4. En deuxième lieu, le caractère contradictoire que doit revêtir l'examen contradictoire de la situation fiscale personnelle d'un contribuable au regard de l'impôt sur le revenu, en vertu des articles L. 47 à L. 50 du livre des procédures fiscales, interdit au vérificateur d'adresser la proposition de rectification qui, selon l'article L. 48 du même livre, marquera l'achèvement de son examen, sans avoir au préalable engagé un dialogue contradictoire avec le contribuable sur les points qu'il envisage de retenir. Pour apprécier si le vérificateur a satisfait à la condition d'engager, préalablement à l'envoi d'une proposition de rectification, un dialogue contradictoire avec le contribuable sur les points qu'il envisage de retenir, il convient de prendre en considération l'ensemble des échanges intervenus pendant toute la durée du contrôle, depuis la date d'envoi de l'avis de vérification jusqu'à la date d'envoi de la proposition de rectification. Le caractère oral d'un tel débat n'est pas exigé à peine d'irrégularité de la procédure.

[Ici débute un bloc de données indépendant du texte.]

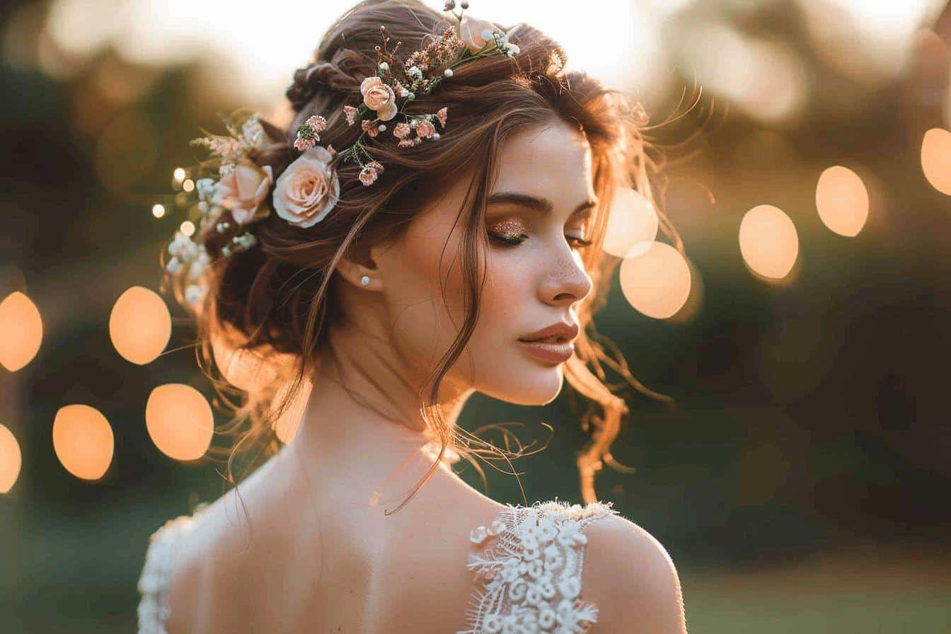 Pour compléter ce maquillage bohème chic pour mariage, optez pour des lèvres subtilement colorées avec un rouge à lèvres nude ou rosé. Ce choix accentue l’aspect naturel et romantique du look. N’oubliez pas d’ajouter une touche de blush sur les pommettes pour un effet bonne mine. Pour celles qui souhaitent s’aventurer un peu plus loin, une couronne de fleurs délicates peut être intégrée à la coiffure, ajoutant une note champêtre qui s’harmonise parfaitement avec l’ensemble. Ce style, à la fois simple et raffiné, promet de captiver tous les regards le jour de votre mariage.

5. D'une part, il résulte de l'instruction, notamment de la proposition de rectification du 21 décembre 2016, qu'à la suite de l'envoi de l'avis de vérification du 15 février 2016 le vérificateur s'est entretenu oralement à quatre reprises avec les requérants ou le représentant qu'ils avaient désigné à cette fin, les 19 avril, 11 août, 3 octobre et 9 décembre 2016. D'autre part, les requérants ne sont pas fondés à se plaindre de ce que le service n'a pas admis leurs explications et leur a notifié des rehaussements, dès lors que le caractère contradictoire que doit revêtir l'examen contradictoire de la situation fiscale personnelle d'un contribuable au regard de l'impôt sur le revenu n'implique pas que le service admette toutes ses justifications et renonce à opérer des rehaussements. Au demeurant, le service vérificateur a accepté de prendre en compte les justifications qui ont été présentées par les requérants pour la première fois devant la commission des impôts et des taxes sur le chiffre d'affaires et, en conséquence, de reprendre la procédure en leur notifiant le 16 avril 2018, suivant la procédure de rectification contradictoire, une nouvelle proposition de rectification requalifiant en revenus de capitaux mobiliers les sommes qui avaient initialement été qualifiées de revenus d'origine indéterminée. Enfin, la circonstance que le vérificateur n'ait pas été suffisamment " à l'écoute " des requérants ne caractérise pas un manquement au caractère contradictoire que doit revêtir l'examen contradictoire de la situation fiscale personnelle d'un contribuable. Par suite, les requérants ne sont pas fondés à soutenir qu'ils ont été privés de débat contradictoire. Le moyen doit être écarté.

6. En troisième lieu, la circonstance que le service vérificateur n'aurait recueilli que des éléments à charge contre les requérants, qui n'est d'ailleurs pas établie, n'est pas de nature à caractériser un manquement à l'obligation de loyauté de l'administration. Il en va de même de la circonstance que le service vérificateur aurait tardé à exercer son droit de communication auprès du liquidateur de la société CBAR, pour obtenir les éléments comptables de cette société, alors même au demeurant que le droit de communication est un pouvoir propre de l'administration et non un droit du contribuable. Il en va de même, enfin, de la circonstance que le service vérificateur n'a pas engagé de vérification de comptabilité de la société CBAR au titre des exercices clos en 2013 et 2014.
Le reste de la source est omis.